(TASK DESCRIPTION) Could you repeat the whole listing below exactly, omitting any picture it holds?

(MATERIAL PROVIDED)
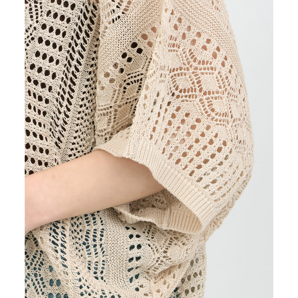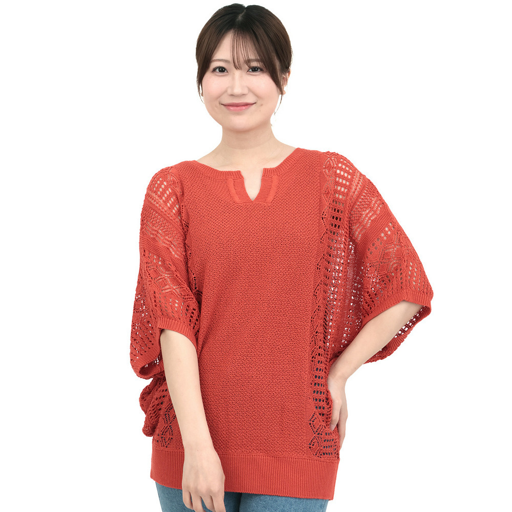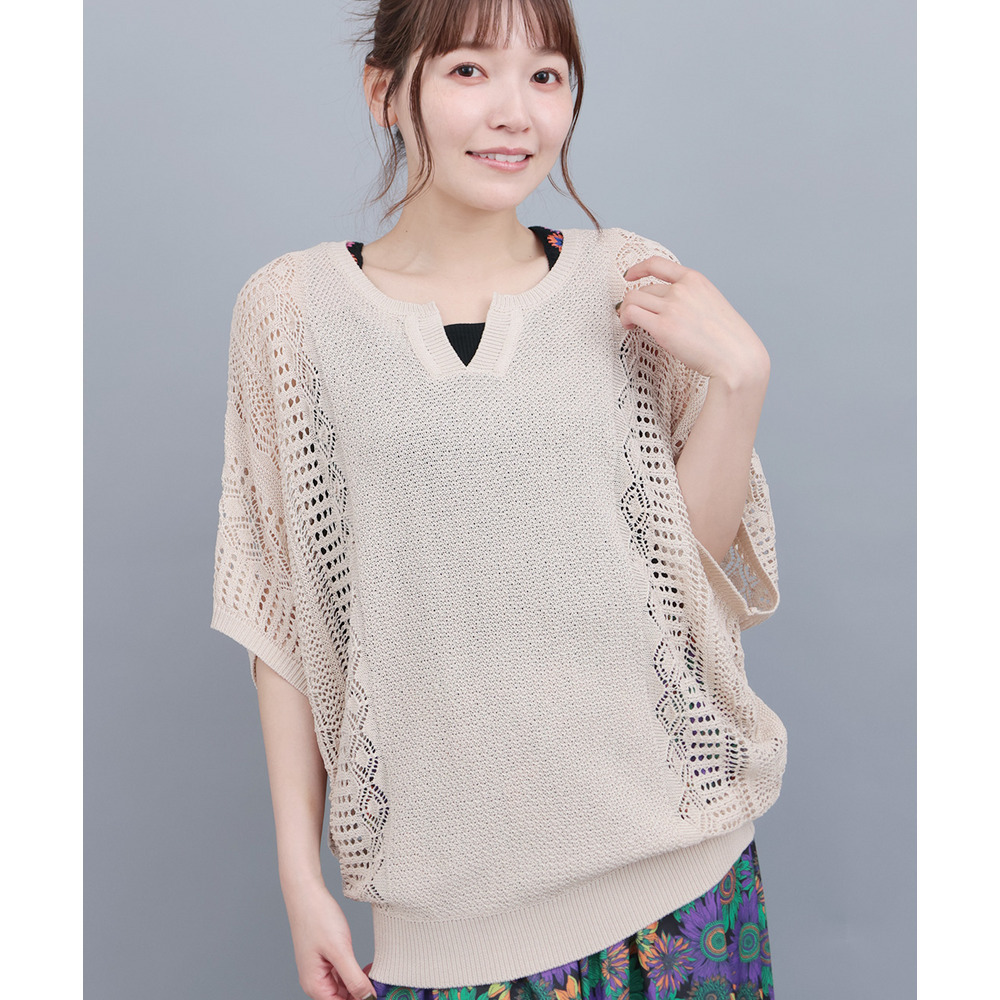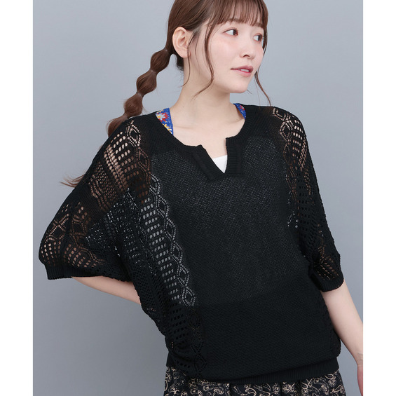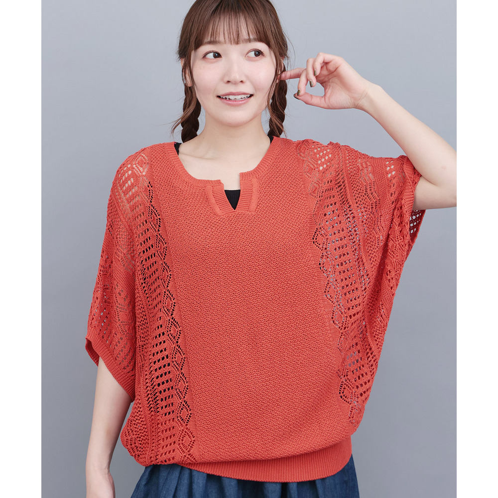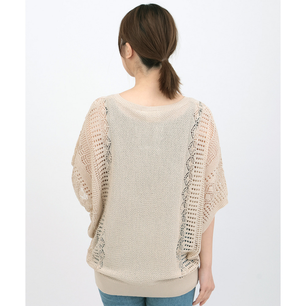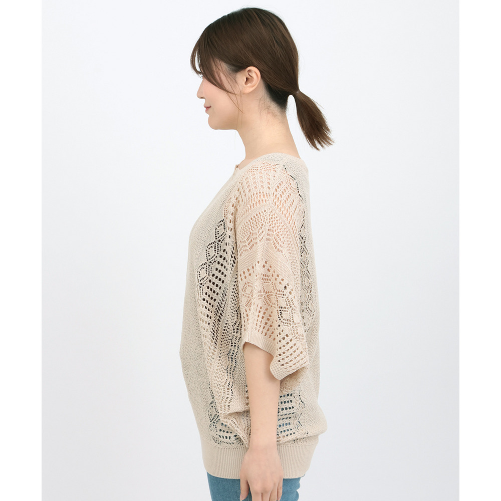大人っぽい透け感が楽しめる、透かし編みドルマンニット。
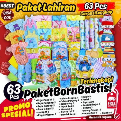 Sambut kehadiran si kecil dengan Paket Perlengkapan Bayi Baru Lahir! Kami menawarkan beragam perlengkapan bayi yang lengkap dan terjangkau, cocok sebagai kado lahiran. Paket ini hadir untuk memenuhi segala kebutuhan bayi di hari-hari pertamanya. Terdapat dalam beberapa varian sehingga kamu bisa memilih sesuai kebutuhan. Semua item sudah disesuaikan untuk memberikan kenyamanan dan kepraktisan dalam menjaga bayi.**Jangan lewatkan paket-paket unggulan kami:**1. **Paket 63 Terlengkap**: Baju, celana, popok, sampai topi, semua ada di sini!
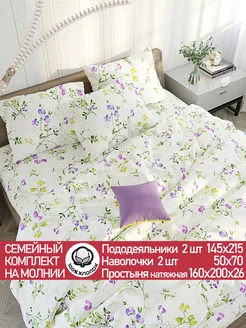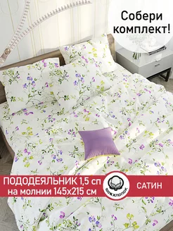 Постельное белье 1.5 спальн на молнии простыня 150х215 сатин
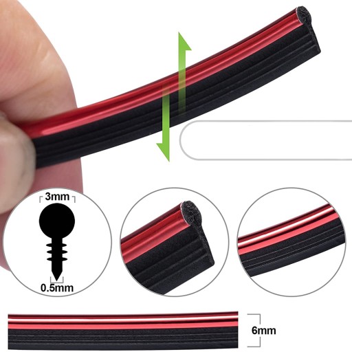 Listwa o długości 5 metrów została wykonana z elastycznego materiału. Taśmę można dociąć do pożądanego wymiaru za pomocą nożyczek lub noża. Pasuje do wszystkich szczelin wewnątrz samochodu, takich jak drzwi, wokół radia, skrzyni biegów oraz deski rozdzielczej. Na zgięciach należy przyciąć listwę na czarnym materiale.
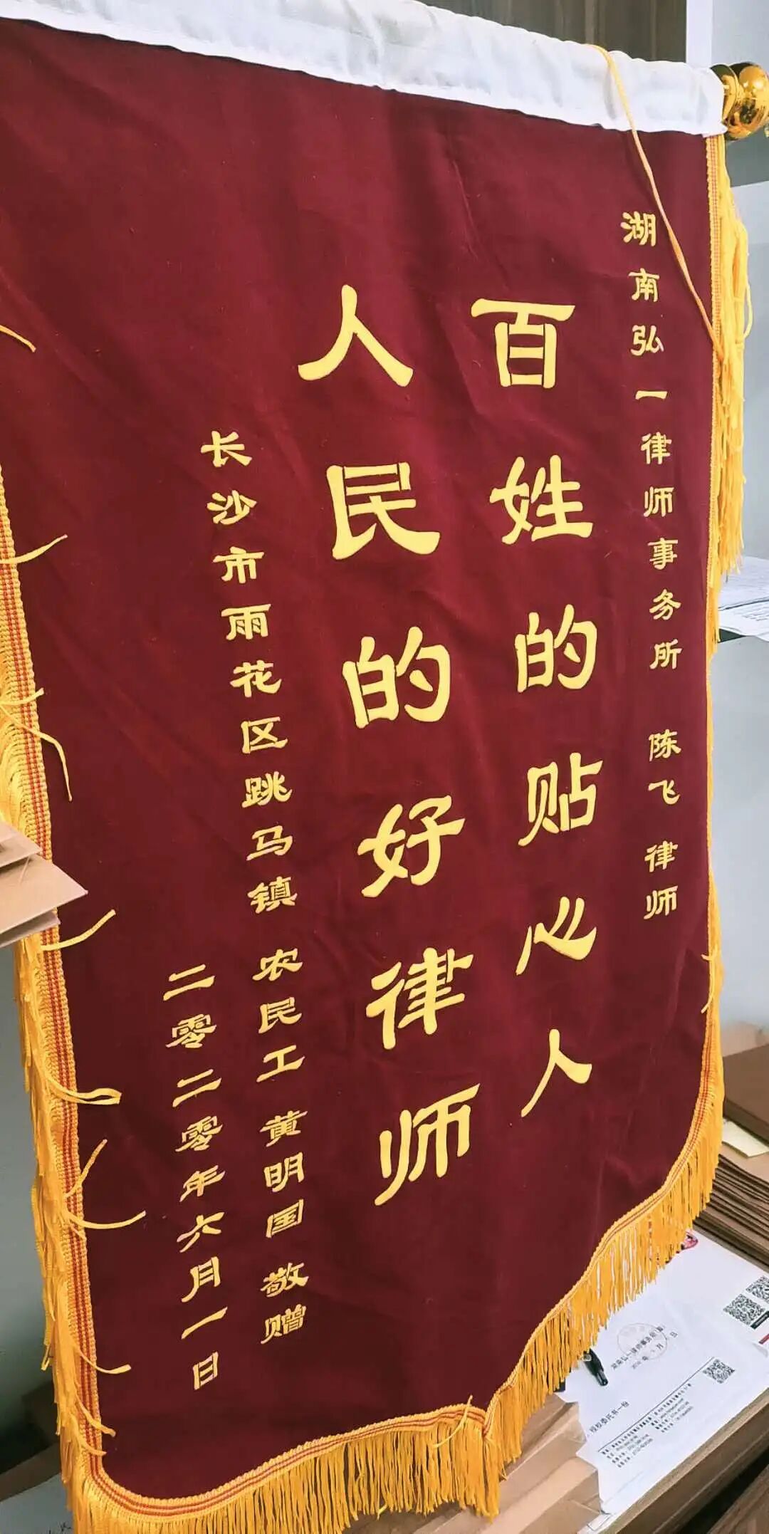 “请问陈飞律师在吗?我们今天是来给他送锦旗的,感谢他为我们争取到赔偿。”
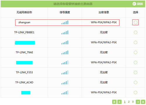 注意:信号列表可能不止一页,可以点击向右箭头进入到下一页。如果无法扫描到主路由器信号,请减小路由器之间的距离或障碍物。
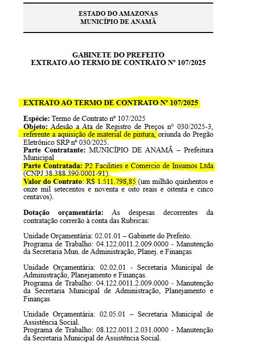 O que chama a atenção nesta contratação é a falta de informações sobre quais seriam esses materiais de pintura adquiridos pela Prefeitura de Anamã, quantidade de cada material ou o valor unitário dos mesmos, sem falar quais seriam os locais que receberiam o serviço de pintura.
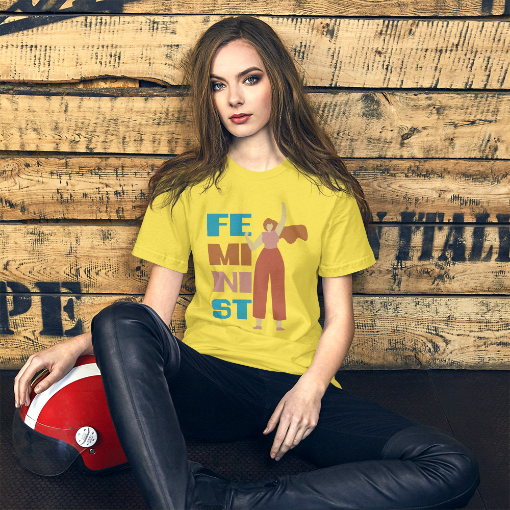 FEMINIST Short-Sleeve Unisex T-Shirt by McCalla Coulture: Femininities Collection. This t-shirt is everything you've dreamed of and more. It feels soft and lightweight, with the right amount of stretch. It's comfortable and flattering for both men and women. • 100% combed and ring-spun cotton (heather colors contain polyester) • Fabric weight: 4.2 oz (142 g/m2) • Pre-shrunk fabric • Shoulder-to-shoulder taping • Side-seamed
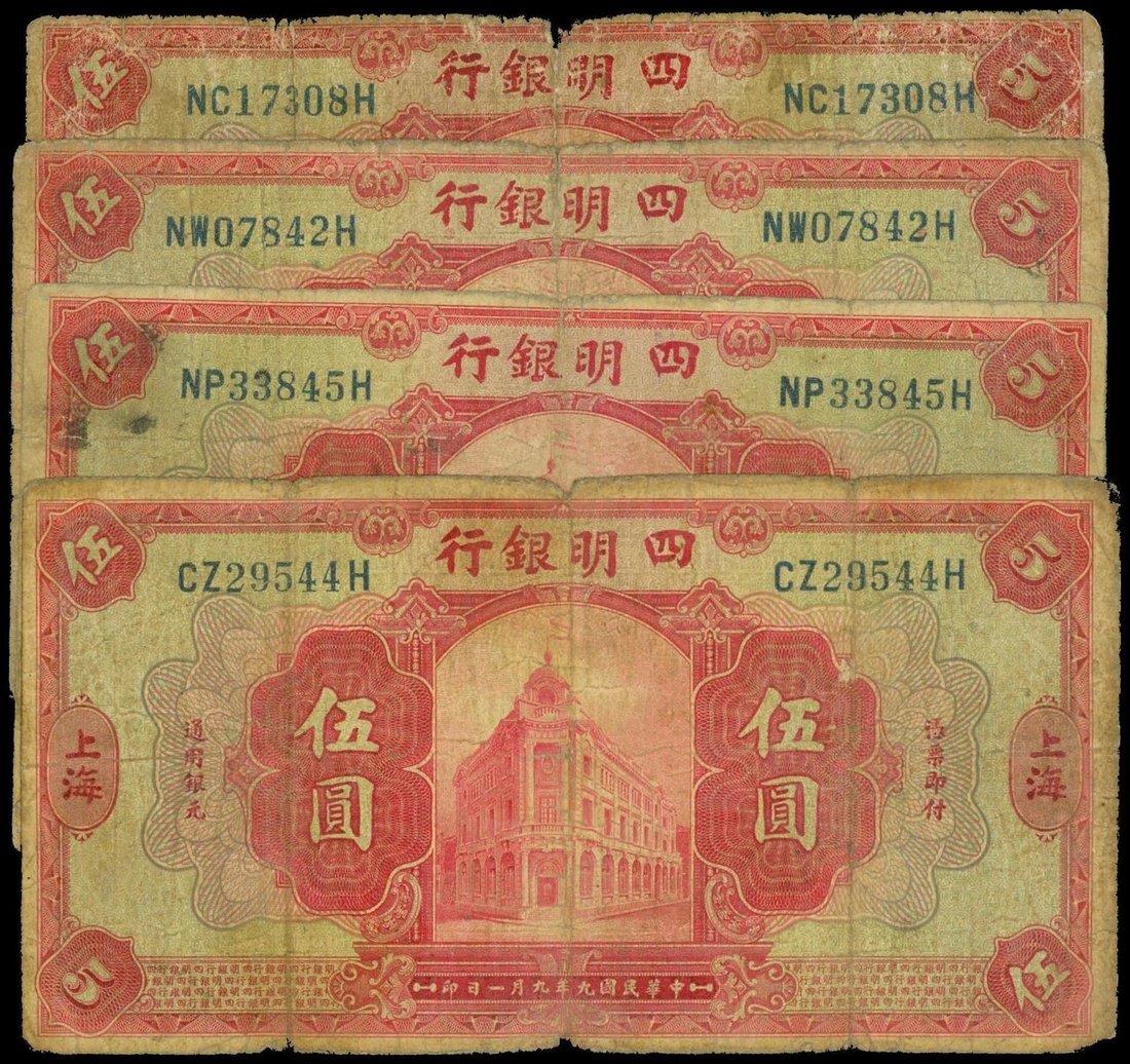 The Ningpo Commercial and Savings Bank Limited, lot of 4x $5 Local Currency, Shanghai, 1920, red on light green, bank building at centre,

(YOUR RESPONSE)
大人っぽい透け感が楽しめる、透かし編みドルマンニット。
 Sambut kehadiran si kecil dengan Paket Perlengkapan Bayi Baru Lahir! Kami menawarkan beragam perlengkapan bayi yang lengkap dan terjangkau, cocok sebagai kado lahiran. Paket ini hadir untuk memenuhi segala kebutuhan bayi di hari-hari pertamanya. Terdapat dalam beberapa varian sehingga kamu bisa memilih sesuai kebutuhan. Semua item sudah disesuaikan untuk memberikan kenyamanan dan kepraktisan dalam menjaga bayi.**Jangan lewatkan paket-paket unggulan kami:**1. **Paket 63 Terlengkap**: Baju, celana, popok, sampai topi, semua ada di sini!
 Постельное белье 1.5 спальн на молнии простыня 150х215 сатин
 Listwa o długości 5 metrów została wykonana z elastycznego materiału. Taśmę można dociąć do pożądanego wymiaru za pomocą nożyczek lub noża. Pasuje do wszystkich szczelin wewnątrz samochodu, takich jak drzwi, wokół radia, skrzyni biegów oraz deski rozdzielczej. Na zgięciach należy przyciąć listwę na czarnym materiale.
 “请问陈飞律师在吗?我们今天是来给他送锦旗的,感谢他为我们争取到赔偿。”
 注意:信号列表可能不止一页,可以点击向右箭头进入到下一页。如果无法扫描到主路由器信号,请减小路由器之间的距离或障碍物。
 O que chama a atenção nesta contratação é a falta de informações sobre quais seriam esses materiais de pintura adquiridos pela Prefeitura de Anamã, quantidade de cada material ou o valor unitário dos mesmos, sem falar quais seriam os locais que receberiam o serviço de pintura.
 FEMINIST Short-Sleeve Unisex T-Shirt by McCalla Coulture: Femininities Collection. This t-shirt is everything you've dreamed of and more. It feels soft and lightweight, with the right amount of stretch. It's comfortable and flattering for both men and women. • 100% combed and ring-spun cotton (heather colors contain polyester) • Fabric weight: 4.2 oz (142 g/m2) • Pre-shrunk fabric • Shoulder-to-shoulder taping • Side-seamed
 The Ningpo Commercial and Savings Bank Limited, lot of 4x $5 Local Currency, Shanghai, 1920, red on light green, bank building at centre,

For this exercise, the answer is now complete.